Official figures have confirmed the official distress of the UK economy. The latest stats that the Office for National Statistics (ONS) released reveal that the economy has shrunk in the last two quarters of 2023. This news comes as a blow to the UK government’s economic record, intensifying scrutiny on the way to the new elections.
The ONS data confirms a technical recession, which is defined by two consecutive quarters of negative growth. In fact, the final quarter of 2023 saw a 0.3% decline in GDP, which mirrors earlier estimates. This drop in economic output followed the 0.1% contraction from the previous quarter, which indicates a period of economic shrinkage.
Although the factors of this recession are pretty complex, it is inevitable that the rising inflation and the global economic uncertainty contributed significantly.
What Happens Lately in the UK Economy?
Rishi Sunak is preparing for the upcoming general elections. However, his focus is still on reassuring Tory MPs that the economy is starting to recover. This is because many business surveys showcased positive results in their activities in the private sector in the first months of this year.
Such a recovery is very optimistic for businesses, especially for startups, as the recession could definitely impact them drastically. Due to this, many businesses started cutting back on marketing and branding expenses, which included using a paid custom signature in their ads, promotions, giveaways, etc.
But let’s go a bit back. In recent months, there has been a significant fall in the inflation rate. As a result, experts believe that the Bank of England will reduce interest rates this summer, contributing to lower pressure on indebted businesses and individuals who pay mortgages.
Unfortunately, one of the Bank’s monetary policy committee (MPC), which sets the interest rates throughout the year, stated that it is a bit early for such expectations and that so far, there are no intentions for decreasing the interest rate. Due to this, people lost hope that there would be more reductions in the borrowing cost.
Jonathan Haskel, the MPC member said that even though the drop in inflation is great news, they care more about seeing persistent inflation. Once they notice this, cuts may be back in the game.
Another good news regarding inflation is that prices went up a bit slower in February than in January. More precisely, the consumer price index (CPI) fell from 4% to 3.4%. Still, the service sector continues to fight inflation of more than 5%.

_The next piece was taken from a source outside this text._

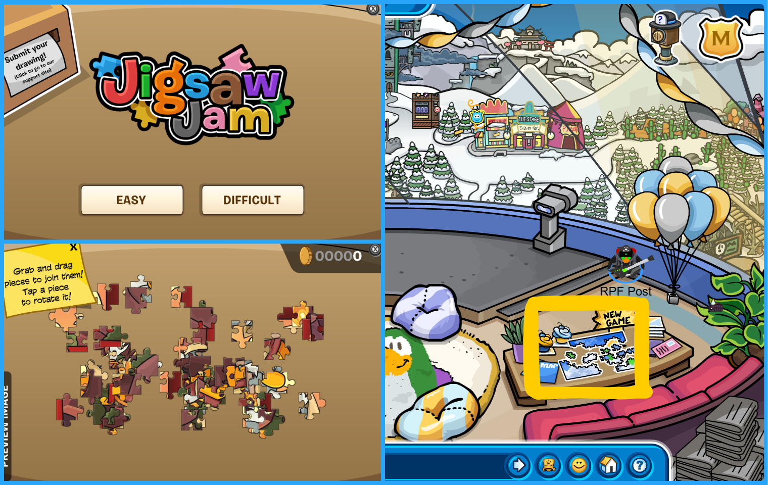 Club Penguin Journey releases its new mini-game, Jigsaw Jam found at the renovated Lookout! Featuring original CPJ Artworks, have fun putting these pieces together on easy or difficult mode! You may also submit your own work, which could be featured in future puzzles!

While Haskel is concerned about the pace at which wages grow and threw away the optimistic expectations of lowering the interest rates, the Bank’s governor, Andrew Bailey, believes that inflation is slowly heading back to the Bank’s target of 2%. According to him, this has been a great hint of the potential interest cuts in the future.
Mixed Economic Signals
Currently, a lot of things are happening in the UK economy. Will there really be a reduction in interest rates in the upcoming period? Well, it depends on the economic trends in the market.
So far, the ONS stated that most of the decline in GDP at the end of 2023 was caused by the drop in the output of the service, production, and construction sectors. However, a more severe factor that contributed to the recession in the UK was the increase in government expenditures.
On the other hand, it seems that the lowered inflation didn’t alter the situation in trade activities. Despite the lowered CPI and prices, household spending didn’t increase. In fact, it continued to decline. Another sector that this situation has drastically affected is the retail industry.
According to the ONS, retail sales witnessed the highest monthly decrease in December since January 2021 (which was a period of rigorous COVID-19 restrictions).
Additional Thoughts on the UK’s Economic Situation
Ashley Webb is a UK economist who works at Capital Economics. Based on her experience, she believes that the UK didn’t experience a concerning recession. According to her, the recession was mild and there are indeed signs that there will be a fast economic recovery.
She also stated that their firm’s projections and forecasts for this year, as well as 2025, are stronger than those of the Bank of England. Webb revealed that their predictions include a further decrease in the inflation rate, which goes beyond the estimations of the Bank. Capital Economics also thinks that there will be a reduction in interest rates a lot earlier than what the Bank’s governor states.
Furthermore, the chancellor Rachel Reeves, criticized Rishi Sunak. He claimed that Sunak didn’t manage to properly stimulate the UK’s economic growth, which is why the recession occurred and caused a burden on the working force. She even argued that the Conservatives can’t claim success in their economic strategy after 14 long years of failure.
On the contrary, the chancellor Jeremy Hunt acknowledged the government’s efforts in this tough situation. He highlighted the great drop in inflation – from 11% to 3.4% in January, this year. Hunt also supports the consistent increase in real wages for eight months in a row.
He also reminded the public that the government’s reduction in the contributions to the national insurance will most probably return more than 900 pounds per year to the average individual’s income, which is quite a success.